Monday, January 19, 2015

Where Has All the Interoperability Gone?

The entire meaningful use project intended to encourage provider adoption of Electronic Health Records (EHR), with the promise of easy access to patient records with two underlying goals: 1) improve the quality of health-care and 2) control rising costs.

Interoperability represents the ability of systems and organizations to work together (inter-operate).  Due to technical constraints systems often impose, the essence of interoperability in health-care has become, in essence, the need for easy, reliable exchange of information between these systems.


The EHR was supposed to interact with other EHRs to synchronize individual's medical history including tests and treatments.  Such synchronization in the US is important, as many patients wind up in different care settings.  This synchronization would give a care taker permission to all of the patient's clinical information.  This clinical data would be stored in a Health Information Exchange (HIE).  The HIE is defined as a mobilization of health-care information electronically across organizations within a region, community or hospital system. 

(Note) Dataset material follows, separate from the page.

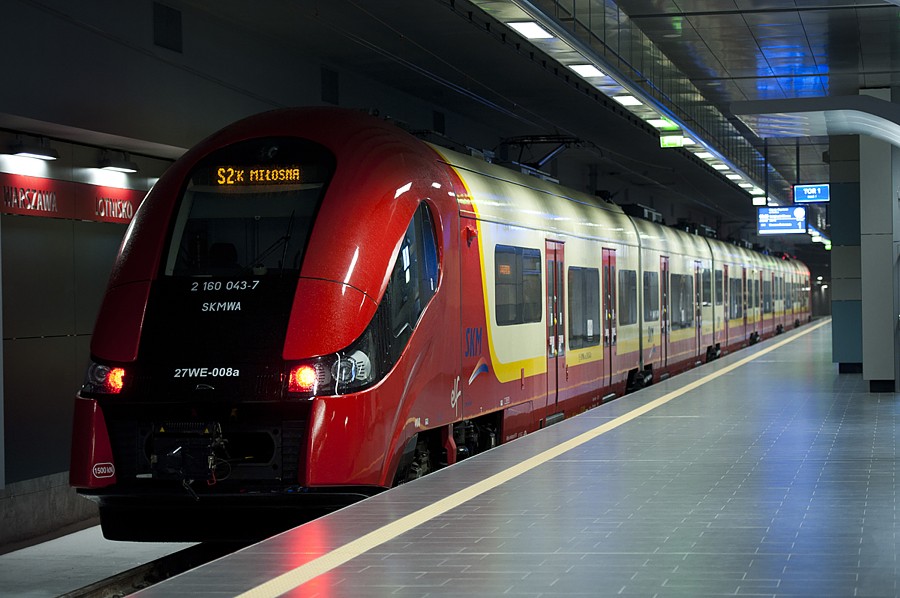 Vlaky jezdí na trase: WARSZAWA LOTNISKO CHOPINA – Warszawa Służewiec – Warszawa Żwirki a Wigury – Warszawa Rakowiec – Warszawa Al. Jerozolimskie – Warszawa Zachodnia – Warszawa Centralna – Warszawa Wschodnia - Warszawa Toruńska – Warszawa Płudy – Legionowo – Legionowo Przystanek – Chotomów – Nowy Dwór Mazowiecki – MODLIN. (cca v hodinových intervalech)

Although well-intended, the meaningful use program with its billions of spent dollars has further spurred the development of multiple competing health records that are by nature proprietary.  Enterprise systems, that provide the backbone of huge hospital systems are reluctant to interface with practice specific specialty "boutique" programs.  Why should these enterprise systems enable integration with boutique programs, when monopolizing their implantation over a hospital system is immensely lucrative for a vendor?  However, the reality is the boutique systems are often focused on end-user acceptance and walk-up usability, while enterprise systems--by their very nature, and especially by their hybrid, unfocused character--are unable to satisfy all end-users, if any at all.

How hard is it to interface through the HL7 standards developed for meaningful use and HIE?  According to most experts, accepting these standards takes the willingness of the participants involved.  For business reasons, many large organizations do not support standardization, and so interoperability--a functionality fully dependent on standardization-- is not an easy task.  Even if a hospital may be willing to accept the interoperability challenge, the cost of implementation is often artificially elevated by the proprietary vendors, making it prohibitive.

A related factor, referred to above with the term "hybrid", is the fantasy of a one size fits all product.  Hospital IT departments love hybrids because they theoretically means less hassle.  Their focus is less on the end-user than on avoiding potential problems for the IT department.

Hospitals, CEOs, private practitioners, politicians, and all health-care advocates should encourage their EHR vendors to allow the concept of interoperability to be enacted upon and enhanced.  You can find more information on the subject at the Center for Medical Interoperability.